§ EXERCISE DESCRIPTION: Images within the entries are to be omitted; the remainder must be reproduced exactly.

§ RECORDED INFORMATION:
* * *

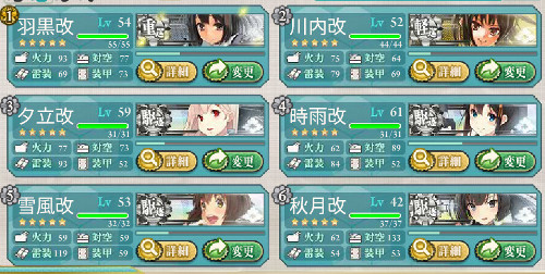 数日前からやっていました。主に、昨日のお休みでボスゲージを削ったのですが。 編成は最終的に水上打撃部隊
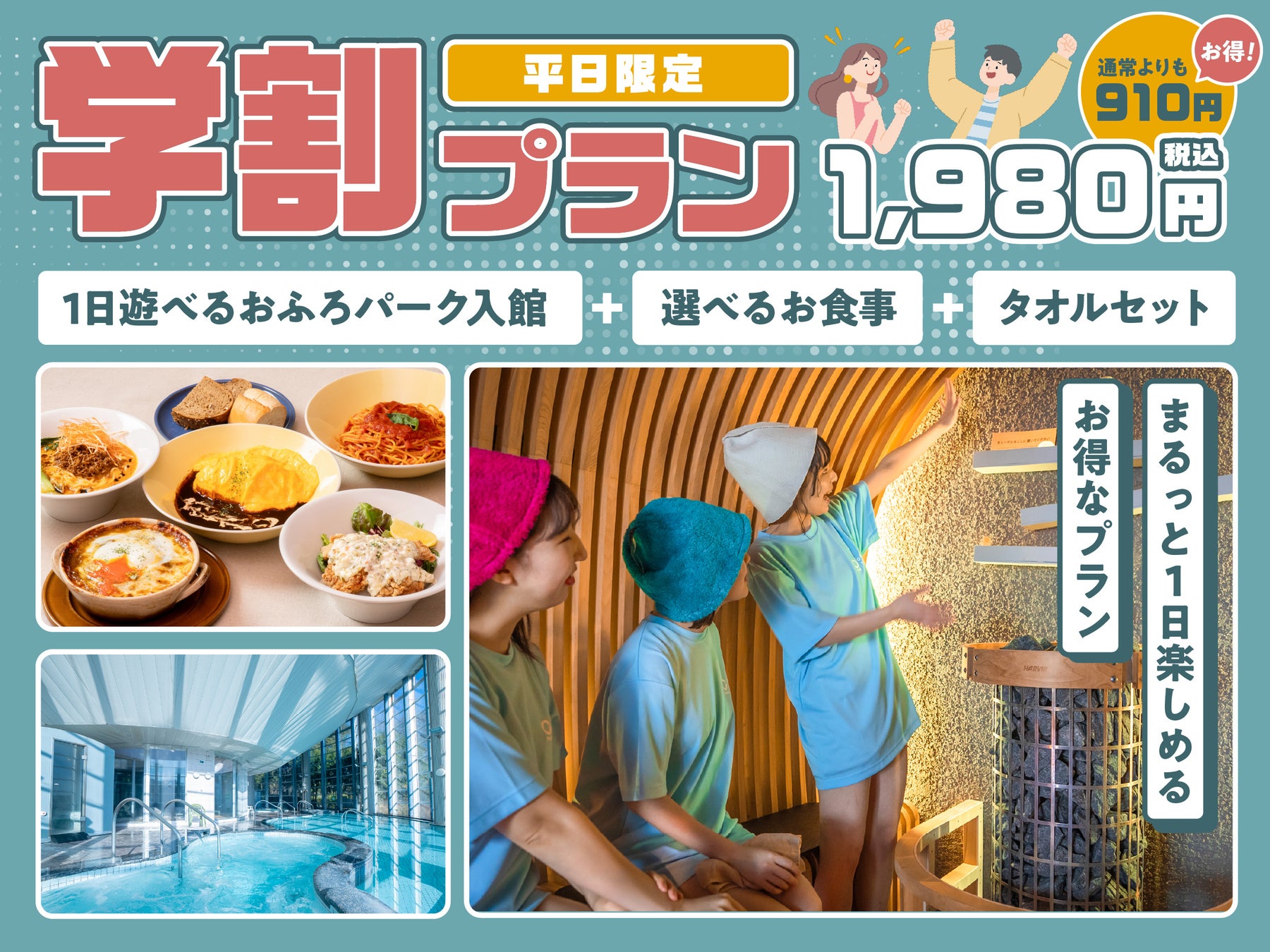 本プランは、通常最大2,890円相当(入浴1,580円+お食事980円+タオルレンタル330円)の内容を、一律1,980円でご利用いただける学生限定プランです。放課後の利用や平日の空いた時間に、友人同士で1日ゆっくりとお過ごしいただけます。
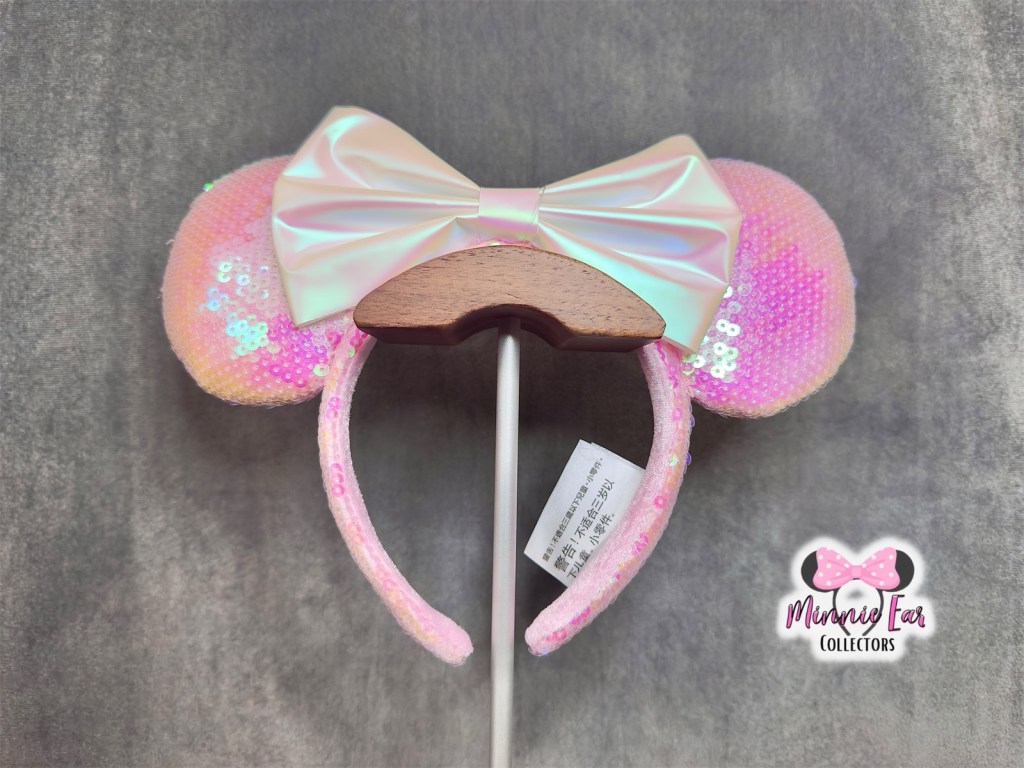 The Pink Sequin with Holographic Bow Ears were released at the Shanghai Disney Resort on January 6, 2023. The ears feature a pink sequin and white holographic bow.
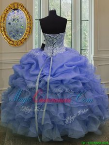 Cheap Blue Sweet 16 Quinceanera Dress Military Ball and Sweet 16 and Quinceanera and For with Beading and Pick Ups Sweetheart Sleeveless Lace Up
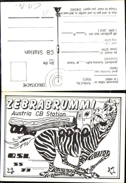 93071,QSL CB Karte Zebrabrummi Zebra LKW
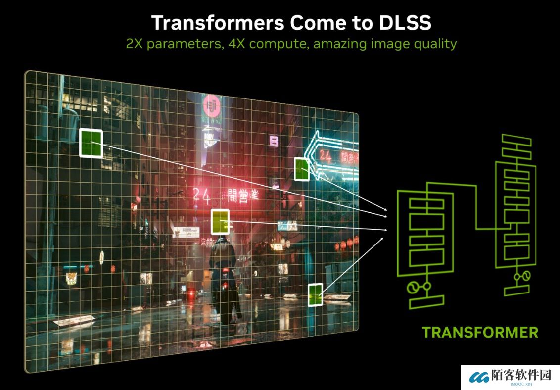 DLSS 4 技术还带来了模型架构的重大升级,DLSS 光线重建、DLSS 超分辨率和 DLAA 特性均由首个实时 Transformer 模型驱动,并用来提升生成像素的质量,它支持通过自注意力操作评估整个帧几多个帧中每个像素的重要程度,更好理解场景关系,让生成的像素具有更好稳定性、更少的伪影、更丰富的运动细节和平滑边缘。
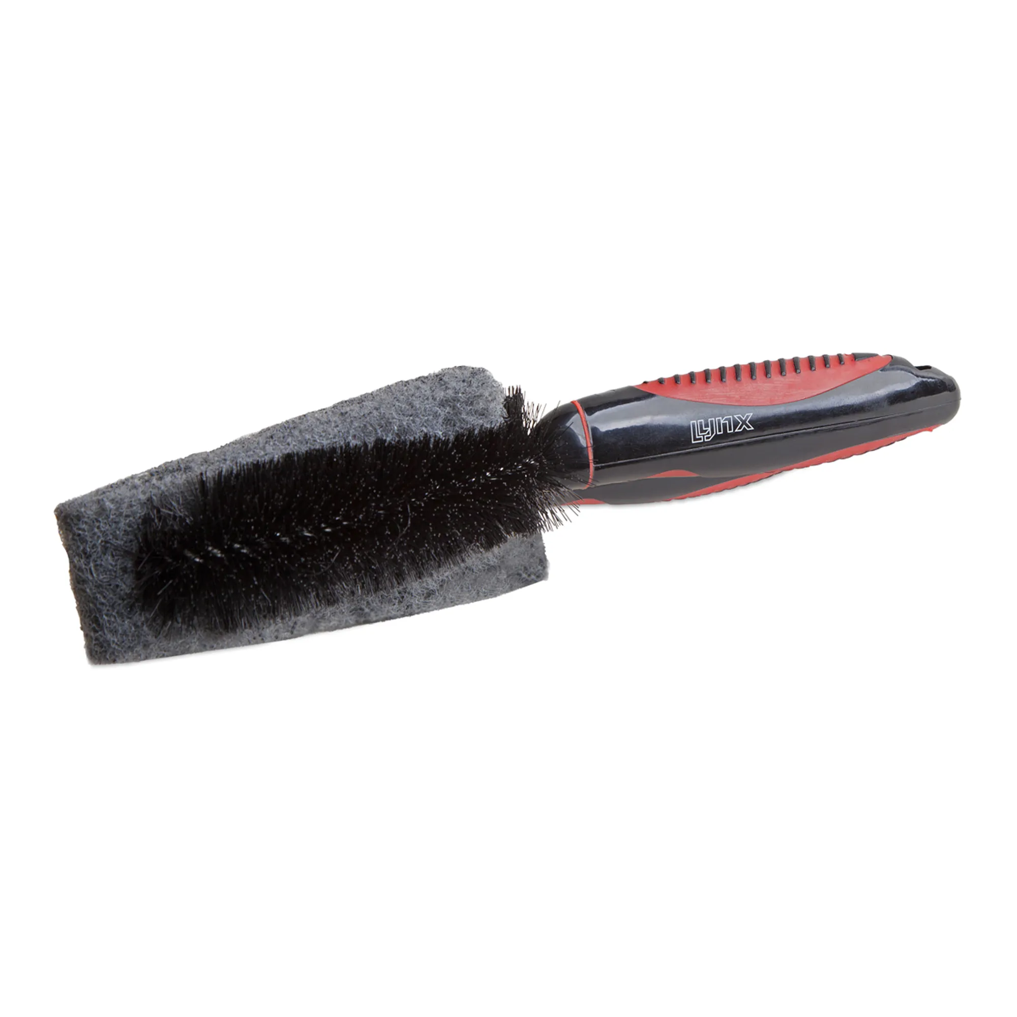 La brosse/éponge à récurer Lynx est une combinaison de poils moyennement durs et d'une éponge à récurer. Ce mix rend la brosse idéale pour frotter la boue incrustée. Sur une carte suspendue.
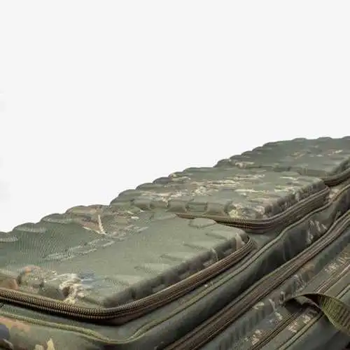Die Scope Ops R9 Transporter ist wohl die klügste Lösung um drei fertig montierte 9ft Scope Ruten zu transportieren. Wenn du die Ruten entnimmst siehst du zwei mit Reißverschluss verschließbare Fächer. Eines ist für deine Ausrüstung und das andere ist ein isoliertes Fach, um deine Lebensmittel und Köder frisch zu halten. Wenn du die R9 Transporter Tasche wieder schließt siehst du oberhalb drei mit EVA verstärkte Hauptfächer. Diese sorgen dafür, dass dein wertvolles Tackle geschützt wird und trotzdem jederzeit griffbereit bleibt.

* * *

§ ANSWER FOR THE TASK:
 数日前からやっていました。主に、昨日のお休みでボスゲージを削ったのですが。 編成は最終的に水上打撃部隊
 本プランは、通常最大2,890円相当(入浴1,580円+お食事980円+タオルレンタル330円)の内容を、一律1,980円でご利用いただける学生限定プランです。放課後の利用や平日の空いた時間に、友人同士で1日ゆっくりとお過ごしいただけます。
 The Pink Sequin with Holographic Bow Ears were released at the Shanghai Disney Resort on January 6, 2023. The ears feature a pink sequin and white holographic bow.
 Cheap Blue Sweet 16 Quinceanera Dress Military Ball and Sweet 16 and Quinceanera and For with Beading and Pick Ups Sweetheart Sleeveless Lace Up
 93071,QSL CB Karte Zebrabrummi Zebra LKW
 DLSS 4 技术还带来了模型架构的重大升级,DLSS 光线重建、DLSS 超分辨率和 DLAA 特性均由首个实时 Transformer 模型驱动,并用来提升生成像素的质量,它支持通过自注意力操作评估整个帧几多个帧中每个像素的重要程度,更好理解场景关系,让生成的像素具有更好稳定性、更少的伪影、更丰富的运动细节和平滑边缘。
 La brosse/éponge à récurer Lynx est une combinaison de poils moyennement durs et d'une éponge à récurer. Ce mix rend la brosse idéale pour frotter la boue incrustée. Sur une carte suspendue.
Die Scope Ops R9 Transporter ist wohl die klügste Lösung um drei fertig montierte 9ft Scope Ruten zu transportieren. Wenn du die Ruten entnimmst siehst du zwei mit Reißverschluss verschließbare Fächer. Eines ist für deine Ausrüstung und das andere ist ein isoliertes Fach, um deine Lebensmittel und Köder frisch zu halten. Wenn du die R9 Transporter Tasche wieder schließt siehst du oberhalb drei mit EVA verstärkte Hauptfächer. Diese sorgen dafür, dass dein wertvolles Tackle geschützt wird und trotzdem jederzeit griffbereit bleibt.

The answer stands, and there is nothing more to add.